If I were to switch to an android phone would a better factory get more business?

LastTrain 3 years ago

Gould: One account, one blog post, two tweets.

thedudeabides5 3 years ago

I'm sure these protests have nothing whatsoever to do with lockdown and are 100% due to the fact that Foxconn is a 'western capitalist company.'

ihm 3 years ago

Interesting that the author felt the need to make an anti-communist comparison to describe a typical capitalist workplace.

daniel-s 3 years ago

If employees hate their job so much, can't they just quit?

  • Etheryte 3 years ago

    More often than not, no. Many of these types of factories are intentionally designed to lock workers into a never ending loop, where they're tied in living paycheck to paycheck, often paying rent for a room that's owned by the same company that runs the factory, buying food from a store that's owned by the same company, etc. There are even cases where workers get paid in cash in a custom "currency" operated by the company so there is no way to ever break free after you're in the loop.

  • kennywinker 3 years ago

    Is this a joke, or are you that out of touch with what poverty is like?

  • keewee7 3 years ago

    Many of them have been locked into the factories because of "Corona restrictions" which is just a bad excuse to exploit them.

    • prewett 3 years ago

      They aren't being exploited, at least not in the normal way. The Chinese government insists on a zero Covid policy, but they also want to keep the economy running. So you can keep your business running if no one leaves. The alternatives are:

      - keep working and earning money, which is why you migrated to the city in the first place. A lot of these migrant workers are bunking it with 4 - 8 other people in one anyway, so it's not like leaving work is some comfy place. But it's more profitable than subsistence farming.

      - be locked into your apartment and get no money at all (but still have to pay rent). For the migrant workers who are the manufacturing labor force, that defeats the whole purpose of being in the city in the first place. Besides, they aren't living in comfy apartments.

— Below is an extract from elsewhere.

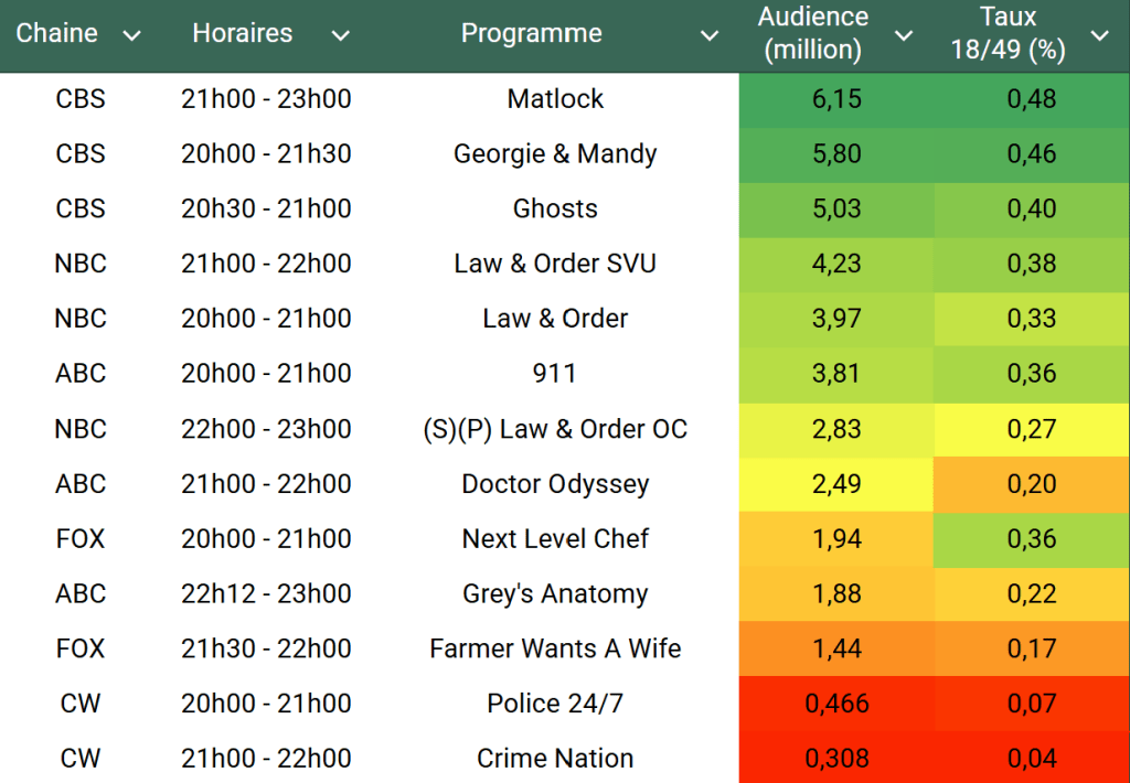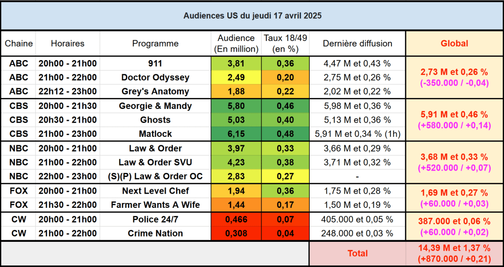 Audiences US du Jeudi 17.04.25 : Soirée très solide pour CBS. Succès pour le final de Matlock, au dessus des 6 millions et au plus haut sur cible. Grosse baisse surprenante pour l’épisode choc de 911. NBC solide avec sa franchise.

      - the government stop the zero Covid policy so that people can be normal. That's an option anyone but Xi Jinping can take, though.

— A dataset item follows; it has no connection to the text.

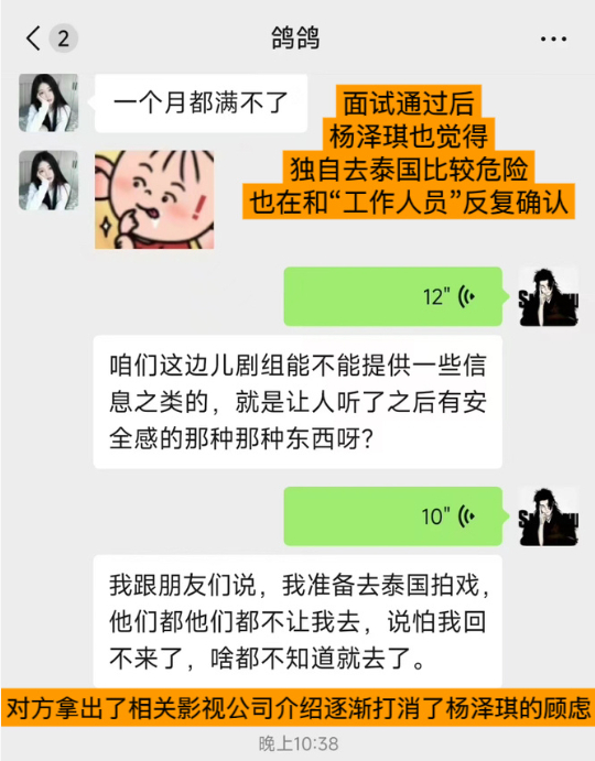 面试通过后,杨泽琪也觉得独自去泰国比较危险,也在和“工作人员”反复确认。对方拿出了相关影视公司介绍逐渐打消了他的顾虑。

      I've seen some rural villages in Sichuan, and it is definitely subsistence farming. There is not really a feasible way to better yourself besides move elsewhere, so a lot of the parents go work in the city to get a pool of money to improve the lot of their family. Unfortunately, "move elsewhere" is not exactly feasible, either, because of the hukou system, which Mao created to prevent people from moving.

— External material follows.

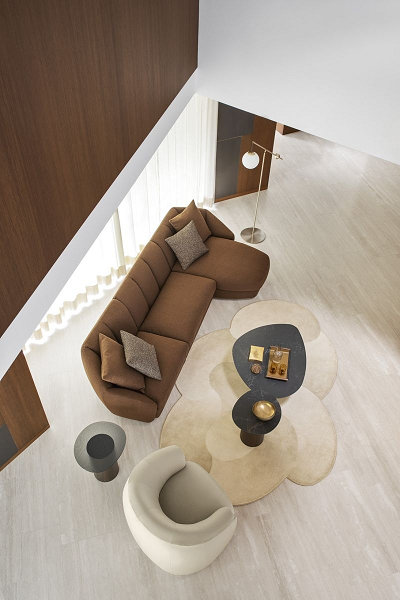 Zakrivljeni tepih marke Calligaris dostupan je samo u jednoj veličini. Zakrivljeni tepih je napravljen od poliamida sa dugim vlaknima, bež tonovima i visokotehnološkom digitalnom štampom. Vatrootporan materijal. Dizajner:

      So I'd call it oppression, not exploitation. And it's not the factory owners who are oppressing them, so much as the government. The factory owners are actually providing a means of bettering themselves. (The factory owners might also be exploiting them, but the situation referred to is not an example of that.)

  • andsoitis 3 years ago

    If you’re unhappy with your pay, just start a hedge fund.